Directions
The expected output is the full data, repeated exactly, without pictures.

Data for processing
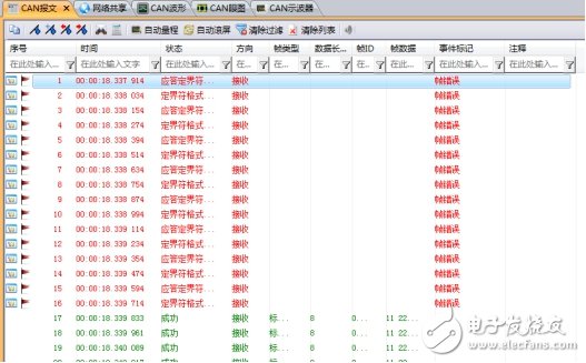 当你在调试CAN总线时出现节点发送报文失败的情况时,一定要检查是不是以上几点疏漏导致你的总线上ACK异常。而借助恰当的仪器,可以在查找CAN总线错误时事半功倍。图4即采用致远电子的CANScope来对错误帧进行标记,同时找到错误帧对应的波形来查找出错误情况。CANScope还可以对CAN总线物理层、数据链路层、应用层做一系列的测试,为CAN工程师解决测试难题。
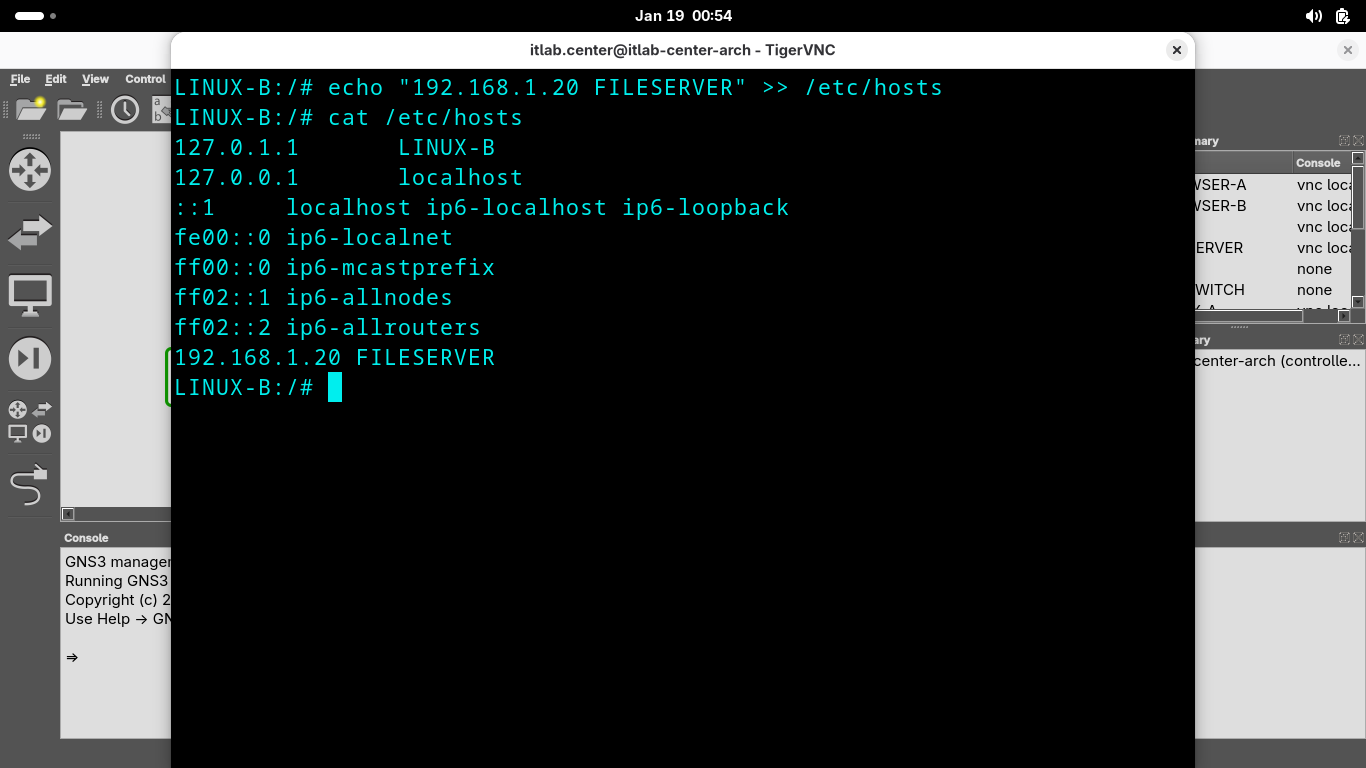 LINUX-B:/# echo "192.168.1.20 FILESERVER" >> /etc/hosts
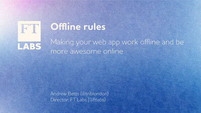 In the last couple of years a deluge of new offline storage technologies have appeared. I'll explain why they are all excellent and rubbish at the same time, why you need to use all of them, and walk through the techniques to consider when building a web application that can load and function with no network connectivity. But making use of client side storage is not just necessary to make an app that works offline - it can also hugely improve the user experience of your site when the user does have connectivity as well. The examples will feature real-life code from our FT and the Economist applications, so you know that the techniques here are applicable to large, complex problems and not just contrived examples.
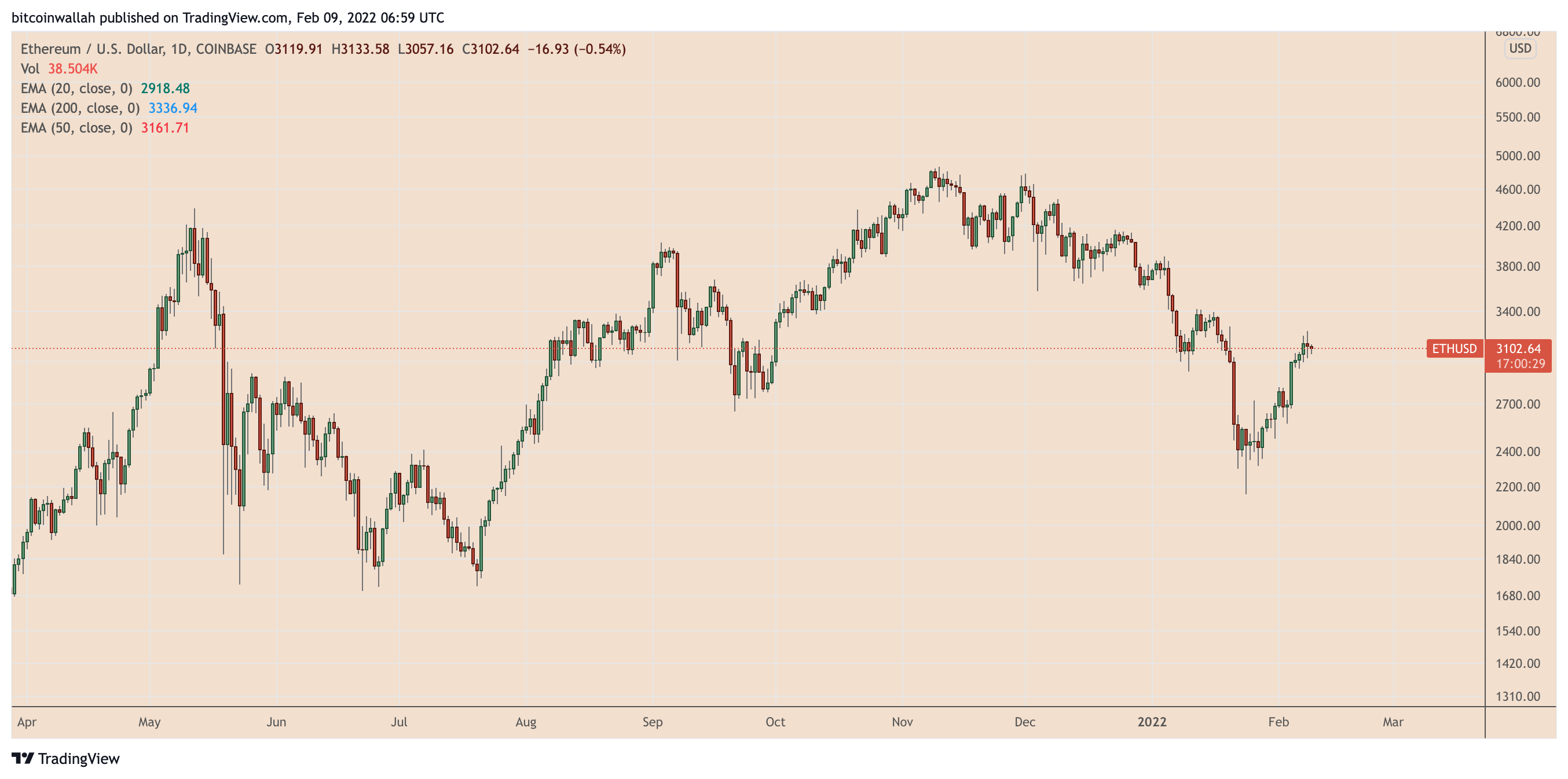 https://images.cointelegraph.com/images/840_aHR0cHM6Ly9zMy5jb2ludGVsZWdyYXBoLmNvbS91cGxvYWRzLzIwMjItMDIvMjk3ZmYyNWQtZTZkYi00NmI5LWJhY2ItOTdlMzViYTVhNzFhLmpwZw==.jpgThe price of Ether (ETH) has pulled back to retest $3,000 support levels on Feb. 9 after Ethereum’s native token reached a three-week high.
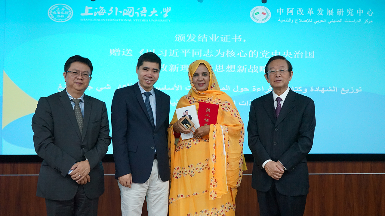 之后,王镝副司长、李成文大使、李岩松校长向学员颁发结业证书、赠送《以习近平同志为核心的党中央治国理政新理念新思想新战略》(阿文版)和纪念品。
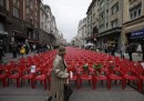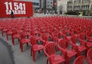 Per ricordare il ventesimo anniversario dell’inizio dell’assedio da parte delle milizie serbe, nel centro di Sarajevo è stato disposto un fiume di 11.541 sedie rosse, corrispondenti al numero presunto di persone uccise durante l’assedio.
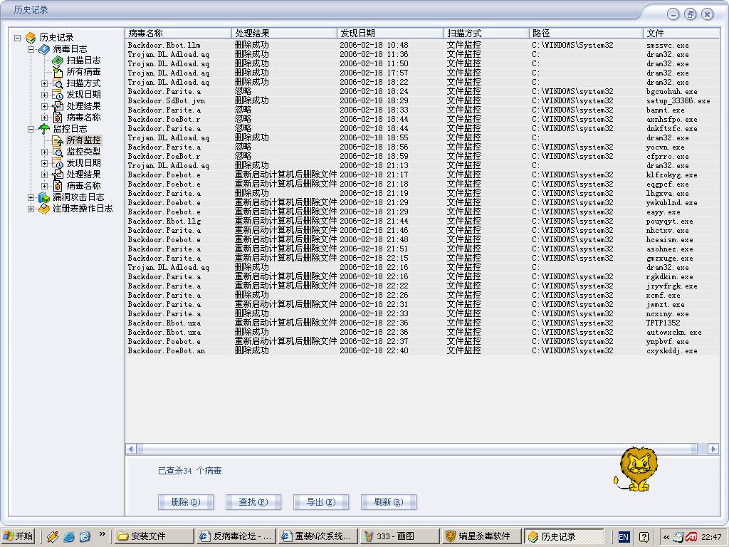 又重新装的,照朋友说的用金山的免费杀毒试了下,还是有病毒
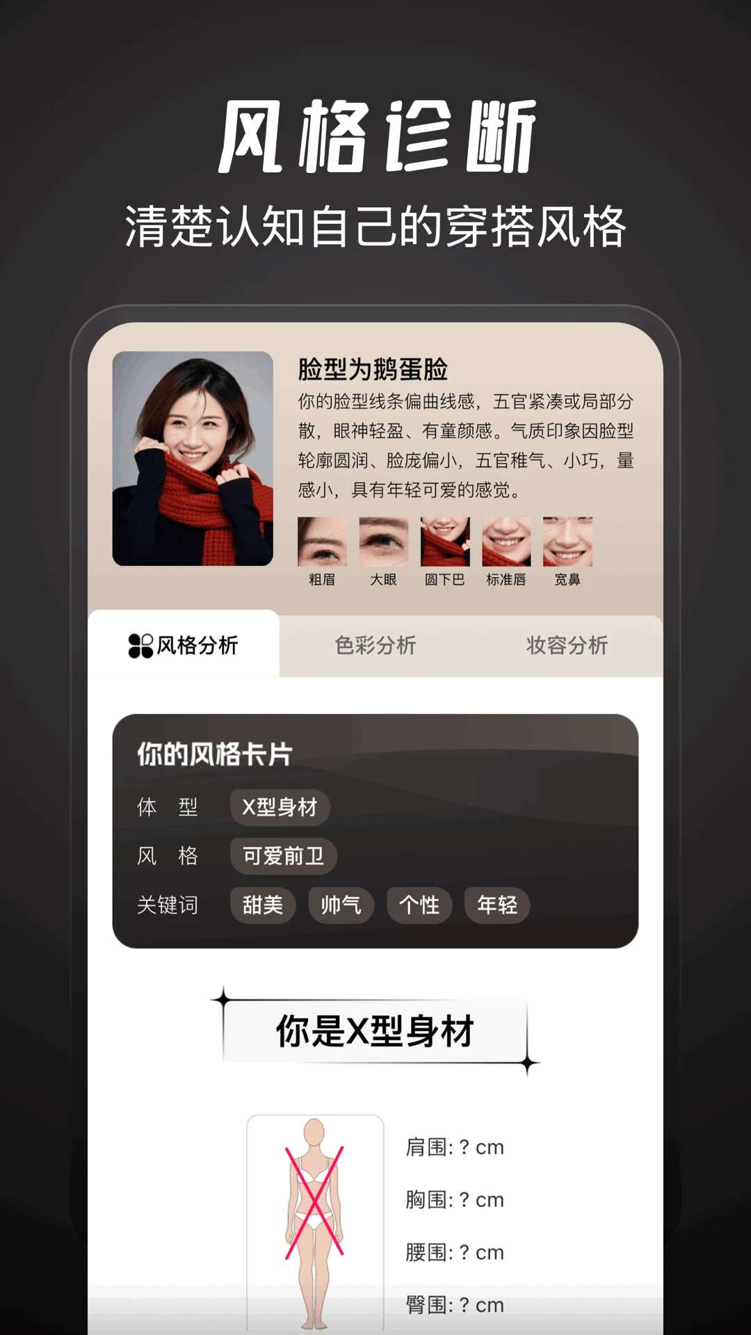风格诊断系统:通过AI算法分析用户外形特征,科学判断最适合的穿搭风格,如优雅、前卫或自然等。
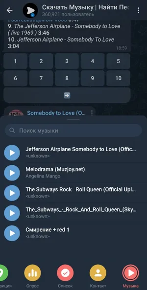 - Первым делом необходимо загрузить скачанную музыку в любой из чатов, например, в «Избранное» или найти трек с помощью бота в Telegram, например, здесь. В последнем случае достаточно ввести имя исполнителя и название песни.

Written solution
 当你在调试CAN总线时出现节点发送报文失败的情况时,一定要检查是不是以上几点疏漏导致你的总线上ACK异常。而借助恰当的仪器,可以在查找CAN总线错误时事半功倍。图4即采用致远电子的CANScope来对错误帧进行标记,同时找到错误帧对应的波形来查找出错误情况。CANScope还可以对CAN总线物理层、数据链路层、应用层做一系列的测试,为CAN工程师解决测试难题。
 LINUX-B:/# echo "192.168.1.20 FILESERVER" >> /etc/hosts
 In the last couple of years a deluge of new offline storage technologies have appeared. I'll explain why they are all excellent and rubbish at the same time, why you need to use all of them, and walk through the techniques to consider when building a web application that can load and function with no network connectivity. But making use of client side storage is not just necessary to make an app that works offline - it can also hugely improve the user experience of your site when the user does have connectivity as well. The examples will feature real-life code from our FT and the Economist applications, so you know that the techniques here are applicable to large, complex problems and not just contrived examples.
 https://images.cointelegraph.com/images/840_aHR0cHM6Ly9zMy5jb2ludGVsZWdyYXBoLmNvbS91cGxvYWRzLzIwMjItMDIvMjk3ZmYyNWQtZTZkYi00NmI5LWJhY2ItOTdlMzViYTVhNzFhLmpwZw==.jpgThe price of Ether (ETH) has pulled back to retest $3,000 support levels on Feb. 9 after Ethereum’s native token reached a three-week high.
 之后,王镝副司长、李成文大使、李岩松校长向学员颁发结业证书、赠送《以习近平同志为核心的党中央治国理政新理念新思想新战略》(阿文版)和纪念品。
 Per ricordare il ventesimo anniversario dell’inizio dell’assedio da parte delle milizie serbe, nel centro di Sarajevo è stato disposto un fiume di 11.541 sedie rosse, corrispondenti al numero presunto di persone uccise durante l’assedio.
 又重新装的,照朋友说的用金山的免费杀毒试了下,还是有病毒
风格诊断系统:通过AI算法分析用户外形特征,科学判断最适合的穿搭风格,如优雅、前卫或自然等。
 - Первым делом необходимо загрузить скачанную музыку в любой из чатов, например, в «Избранное» или найти трек с помощью бота в Telegram, например, здесь. В последнем случае достаточно ввести имя исполнителя и название песни.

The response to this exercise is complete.